Be aware of time limits in recourse cases.

In order to file a claim for recourse, the following conditions have to be present:

The tortfeasor must be legally liable for the damage he has done.
The company must have legal basis for claiming recourse.

The company’s claims handler must evaluate the size of the recourse claim compared to the costs of pursuing the claim.

The company’s claim has to include all costs including interests.

The basic rule in Norwegian law is that the tortfeasor is only liable if he has been negligent.(Negligence liability/culpa).  However, through court practice, areas with liability without any negligence on part of the tortfeasor,  have also been developed (no-fault or strict liability)

A number of statutory provisions and agreements regulating the liability also exist. The most relevant in connection with damages caused by natural perils are:

Vannresursloven (and previous Vassdragsloven)
Lov om håndtverkertjenester.
Plan- og bygningsloven.
Agreements between the companies affecting recourse cases between them
Agreements between the parties affecting the recourse case (e.g. employment of sub- and side contractors)
FAL §§ 4-9 and 7-6

The list is not complete.

Be also aware of the fact that

There must be a certain connection between the act and the damage (causal connection)
There is also a limit for which loss and damages are compensatory (adequate causation)
Considerations must be done whether the damage is an expected consequence of the tortious act.
An evaluation must also be done whether there is an economical loss (this is an absolute condition)
Be aware of the limitations to claim recourse when an insurance exists, cf § 4-2  no 1 of Skadeerstatningsloven:

“To the extent it is obvious that a damage will be compensated under an insurance 
    covering damage to objects or other financial loss, the claimant can only claim
    compensation from the tortfeasor if the damage is caused by
a) willful misconduct or gross negligence by the person being liable or
b) in his occupation, trade or similar activity”
Be also aware of the company’s legal authorization of recourse is to be found in § 4-3 of Skadeerstatningsloven: 
“To the extent the company through an insurance covering either physical damage to  
objects or other financial loss has paid compensation to the Claimant, it can claim 
recourse from the liable tortfeasor to the same extent as the claimant could have 
claimed compensation according to § 4-2.”

The boroughs have a very important part in the picture as regulating-and approving authorities.
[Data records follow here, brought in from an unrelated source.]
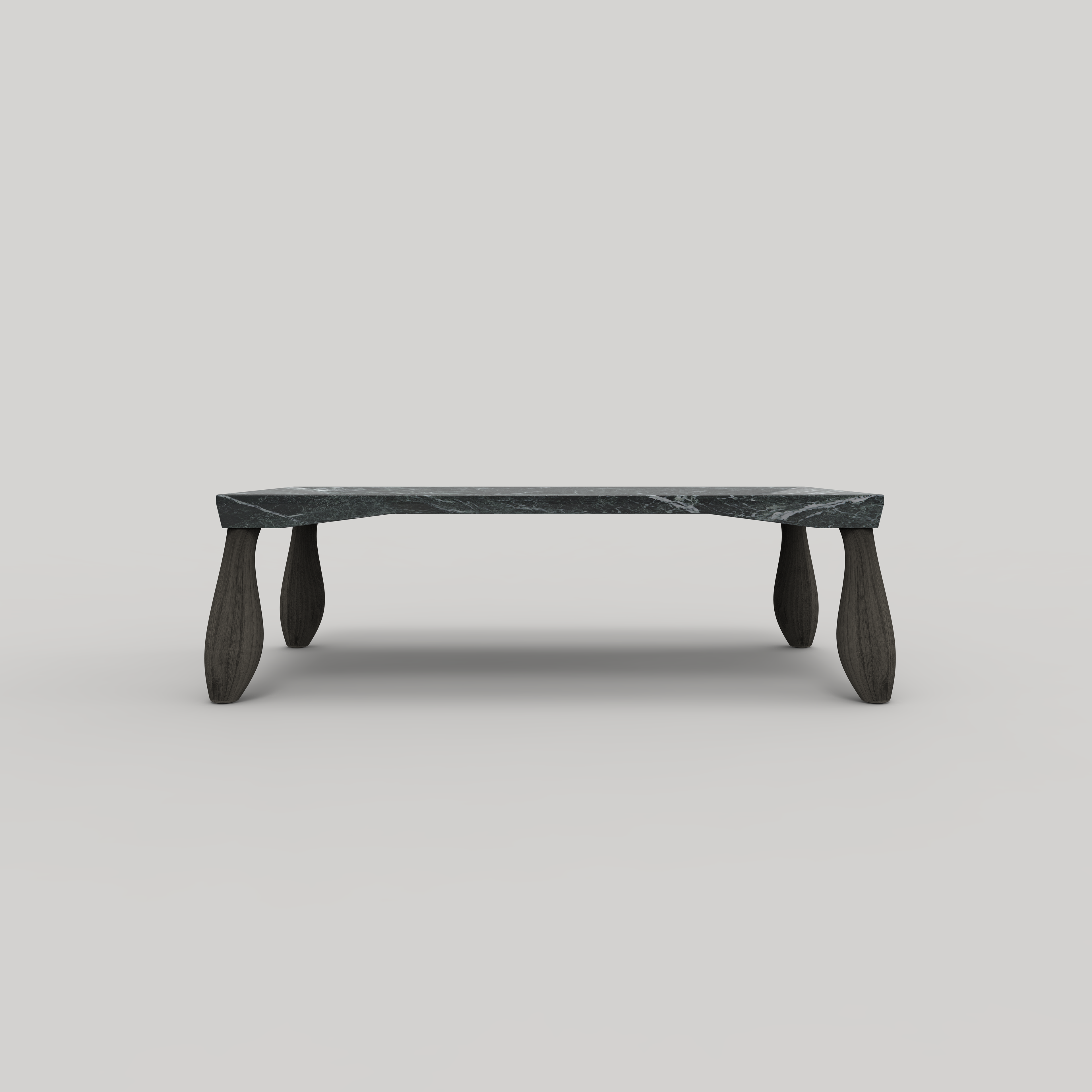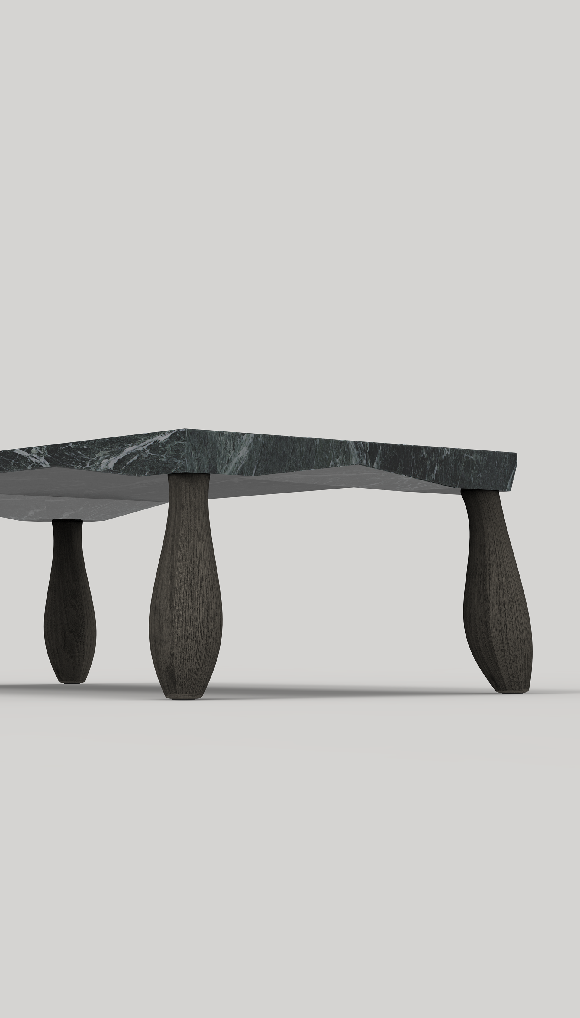 A balancing act of rigid flat cut marble and flowing turned wood.
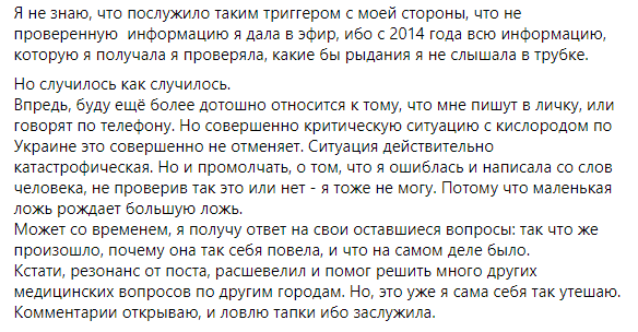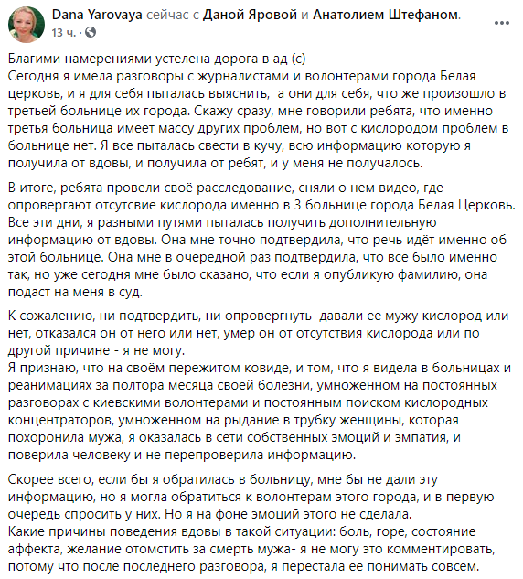 Сама волонтер Дана Яровая признала, что не проверяла информацию, которую опубликовала - мол, она просто поверила женщине, которая ей сообщила якобы о смерти ее мужа после того, как он пожертвовал свой кислород сыну.
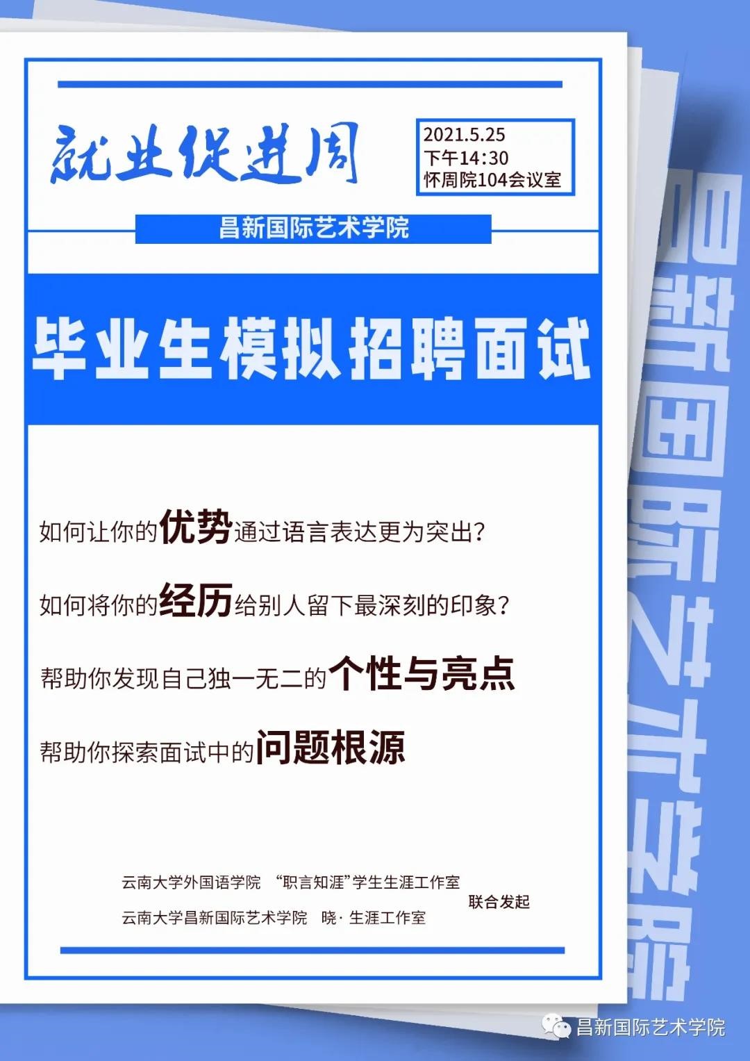 云南大学2021届毕业生就业促进周系列活动自5月17日启动以来,围绕“宣传、服务、指导”三个关键词,学校、学院、学生社团共同行动,开展了一系列具有实效性和影响力的就业指导和服务活动,在校园内掀起了人人关注就业、全员助力就业的热潮。
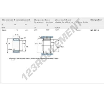 Le Roulement à Aiguilles, connu sous la référence NA4836-SKF, de la marque SKF, possède un diamètre intérieur de 180mm, un diamètre extérieur de 225mm et une épaisseur de 45mm.
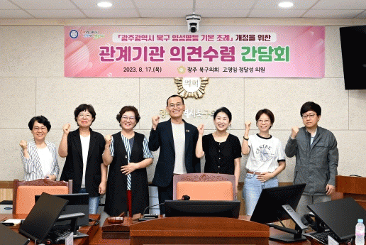 광주여성민우회, 광주전남여성단체연합 등의 관계기관과 북구청 주무부서인 여성보육과가 참석한 이번 간담회는 올해 말로 만기가 도래하는 ‘북구 양성평등기금’의 존속기한 연장을 위한 조례 개정이 필요한 시점에서 관계기관의 의견을 반영하여 조례를 개정함으로써, 차후 북구의 적극적인 성평등정책 추진을 위한 초석을 만들기 위해 마련됐다.

In particular 3 situations have importance when considering recourse against boroughs.  This concerns regulation and approval of construction in:

areas exposed to landslides or avalanches.
areas exposed to flooding
areas exposed to storm surge.

The boroughs might incur liability either because of lack of investigations or for not having had due regard to possible risk of damage caused by natural perils. Under certain circumstances, the boroughs may have given preference to easily accessible and cheap building locations without giving the risk of natural disasters sufficient consideration.
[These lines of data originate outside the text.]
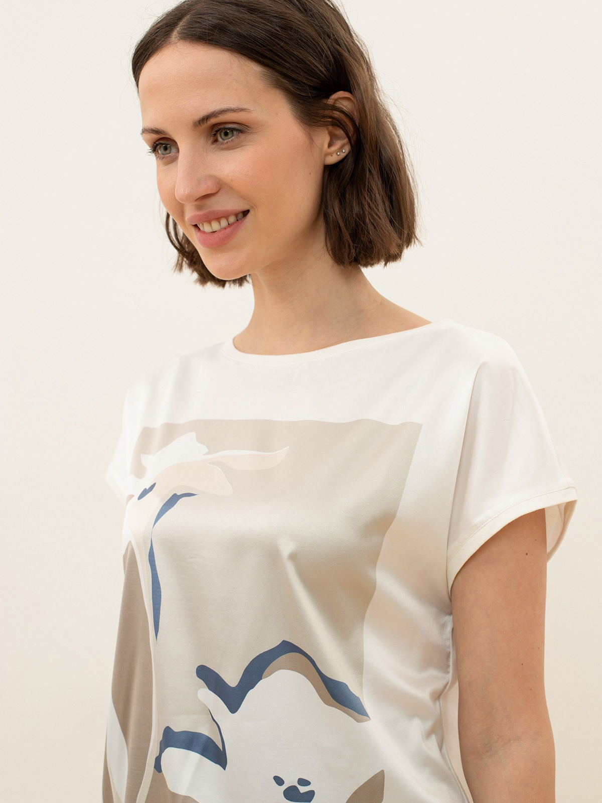 Комбинированный топ из хлопкового трикотажа с принтом. Передняя часть: атласная ткань с принтом. Задняя часть: 95% хлопок.
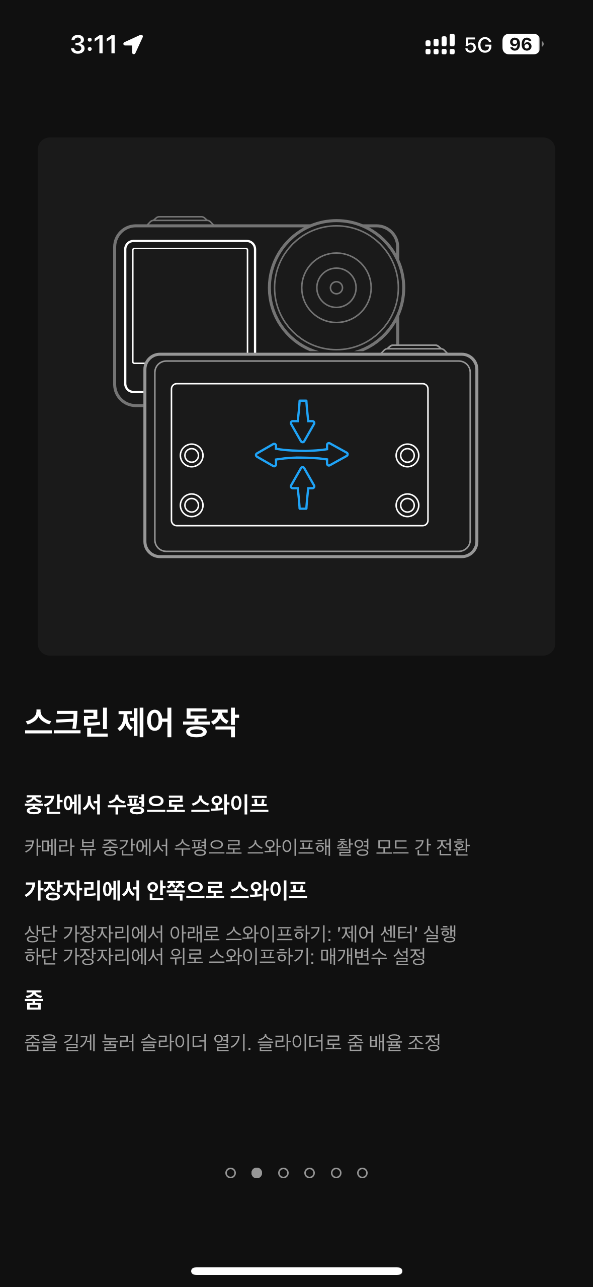 • 줌을 길게 눌러 슬라이더 열기 : 슬라이더로 줌 배율 조정
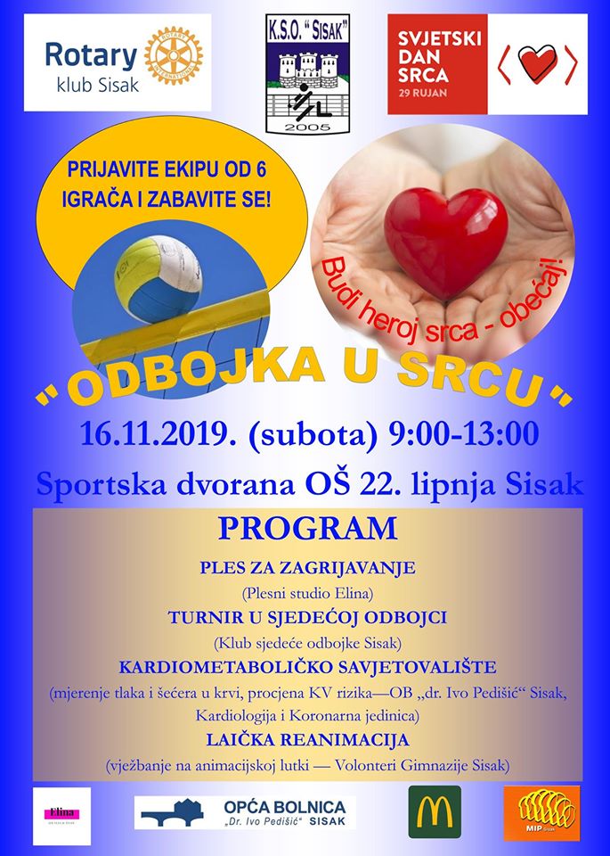 Rotary klub Sisak i ove godine u suradnji s Klubom sjedeće odbojke Sisak organizira program “Odbojku u srcu”. Cilj im je obilježiti Svjetski dan srca koji ove godine donosi poruku “Budi heroj srca-obećaj!“.
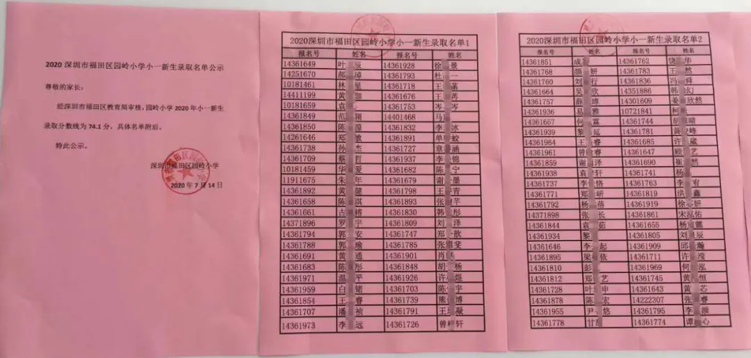 2020年福田區(qū)公辦小一新生錄取名單來了,部分學校最低錄取積分曝光
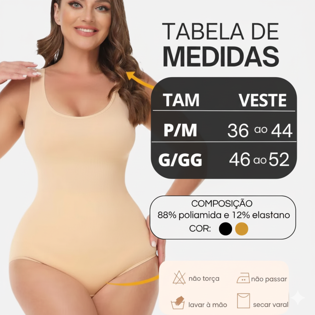 O Body Shaper Modelador foi desenvolvido para modelar o corpo de forma estratégica, oferecendo compressão na medida certa para afinar a cintura, levantar o bumbum, reduzir medidas aparentes e corrigir a postura, tudo isso com conforto e discrição.
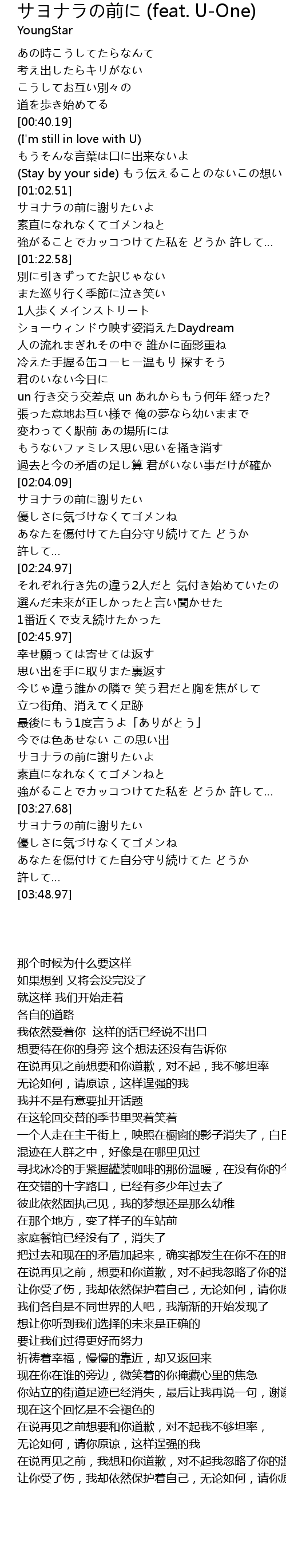 | Song | サヨナラの前に (feat. U-One) |
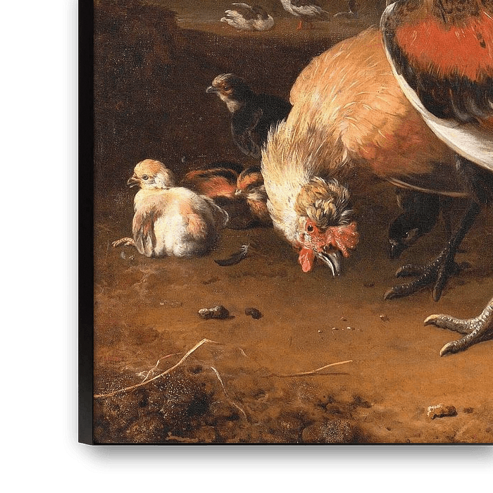 Buy Hoenderhof, Melchior d'Hondecoeter as a reproduction on canvas, ArtFrame, poster and wallpaper, printed on demand in high quality.

The companies will also have to consider a possible recourse against “other” liable third parties than the boroughs.  In relationship to the operators three different basis for liability are relevant:

Liability based on negligence.
Legal strict liability
Non-statutory strict liability

See also an opinion from the firm of solicitors Arntzen de Besche about “Liability for damage caused by Water- and Sewerage Plants”

The opinion is to be found as enclosure 25.